Repeat the listing below word for word, minus the pictures.

## DATA BLOCK
┌──

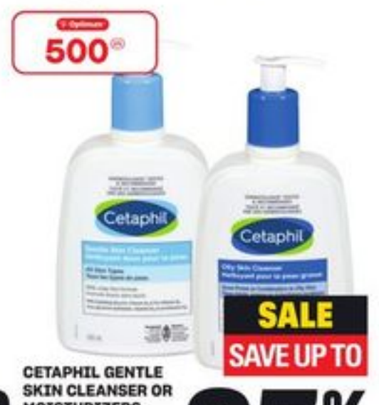
CETAPHIL GENTLE SKIN CLEANSER OR MOISTURIZERS SELECTED VARIETIES AND SIZES 20432313001_EA 20432313002_EA
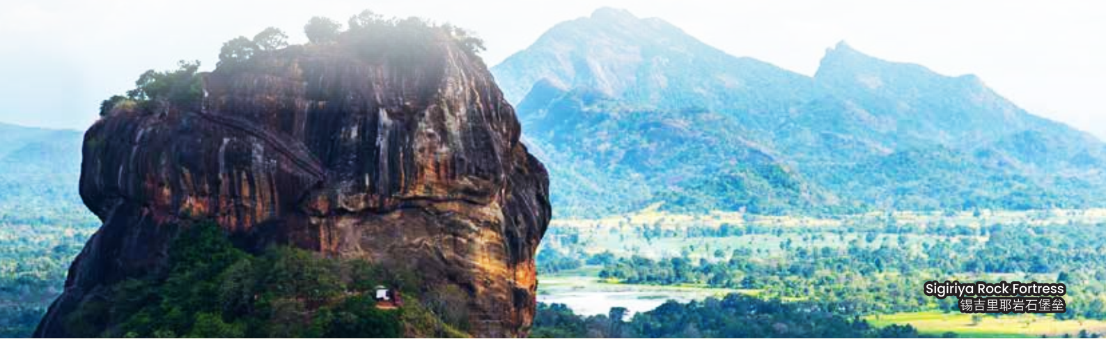
Sigiriya Rock Fortress 锡吉里耶岩石堡垒

愿您在斯里兰卡和马尔代夫，找到属于自己的那份平和与幸福。带着爱与感恩，旅途的点滴都将成为珍贵的记忆。

└──

## EXPECTED ANSWER
CETAPHIL GENTLE SKIN CLEANSER OR MOISTURIZERS SELECTED VARIETIES AND SIZES 20432313001_EA 20432313002_EA
Sigiriya Rock Fortress 锡吉里耶岩石堡垒

愿您在斯里兰卡和马尔代夫，找到属于自己的那份平和与幸福。带着爱与感恩，旅途的点滴都将成为珍贵的记忆。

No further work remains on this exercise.